Но для меня посещение заведения «Фаст-Гуд» было просто разминкой перед главным блюдом современной гастрономии: перед визитом в ресторан «Ла-Броче», лицом которого был знаменитый каталонский шеф-повар Серхи Арола. Оба заведения — и «Фаст-Гуд», и «Ла-Броче» — несут на себе печать Феррана Адриа: первое, поскольку идея авторского закусочного бара принадлежит мастеру; а второе, потому что именно его шеф-повар, Серхи Арола, больше, чем кто-либо другой из множества учеников и последователей мастера, донес его философию до самой широкой публики.

Я пересек квартал «Саламанка» и дошел туда, где рядом с продуваемым всеми ветрами бульваром Кастельяна находится отель «Мигель Анхель».

Я могу понять стремление к минимализму как реакцию на мрачные, излишне загроможденные испанские интерьеры прошлого, но «Ла-Броче» показался мне гигантским холодильником, в котором все было лишено красок, за исключением ярких продуктовых наборов на больших белых обеденных тарелках.

Серхи Арола был идеальным воплощением медийного шеф-повара, это явление в первые годы XXI века для Испании все еще внове.
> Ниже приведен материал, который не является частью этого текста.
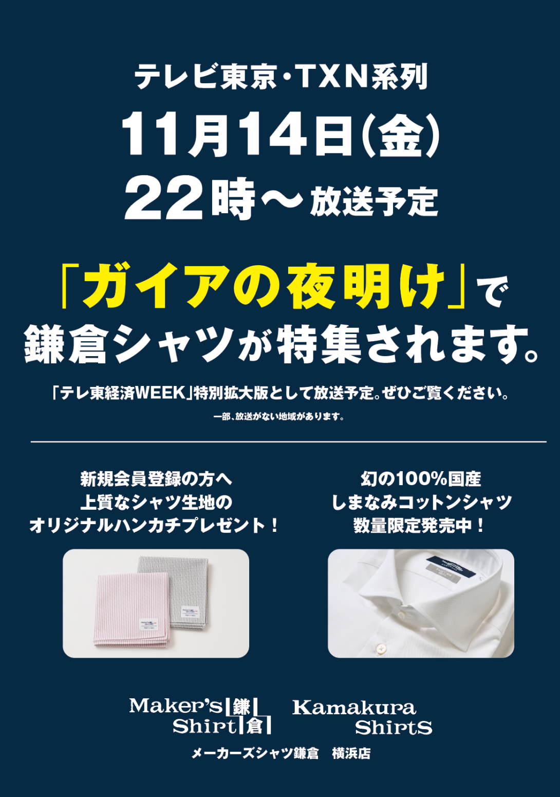 この度、テレビ東京系列「日経スペシャル ガイアの夜明け」にて、メーカーズシャツ鎌倉(鎌倉シャツ)が特集されることになりました。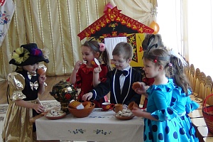 Поудобнее рассаживайтесь, угощайтесь, и с друзьями пообщайтесь! (Садятся за стол, пьют чай под музыку.)

Он красив, следит за модой, известен среди издателей журналов как славный парень, готовый позировать раздетым в кухне для большой статьи о раздетых знаменитостях или делиться воспоминаниями о нетрадиционной рок-группе «Кенгуру», в которой он был гитаристом в Барселоне в начале 80-х годов. Однако именно телевидение создало ему известность. Недавно я видел этого человека по телевизору сразу в двух проектах: в первой передаче он был гостем — шеф-поваром в игровом шоу, в котором две команды поваров соревновались, кто быстрее приготовит пищу, а во второй рекламировал новую разновидность хрустящих хлебцев. Аролу показали в домашней обстановке с двумя маленькими дочерьми, он предлагал одной из них блюдо «хрустящая лепешка с говяжьим филеем», от которого девочка воротила нос. «Хрустящие хлебцы фирмы „Эспига-де-Оро“ — чтобы мои любимые маленькие клиенты были довольны!» — такой была ключевая фраза, за ней следовали поцелуй дочурки и — прямо в камеру — нарочито громоподобный хохот жизнерадостного шеф-повара.

Открывшись в феврале 2000 года, ресторан «Ла-Броче» быстро взмыл к высотам моды, оживляя сферу мадридской гастрономии, которой до этого недоставало изюминки. Когда в Музее искусств королевы Софии открылось блистающее чистотой новое крыло, построенное по проекту Жана Нувеля, само собой предполагалось, что в новом здании должен разместиться сказочный ресторан (под стать его коллекциям), и мало кто сомневался, кого именно пригласят для разработки меню.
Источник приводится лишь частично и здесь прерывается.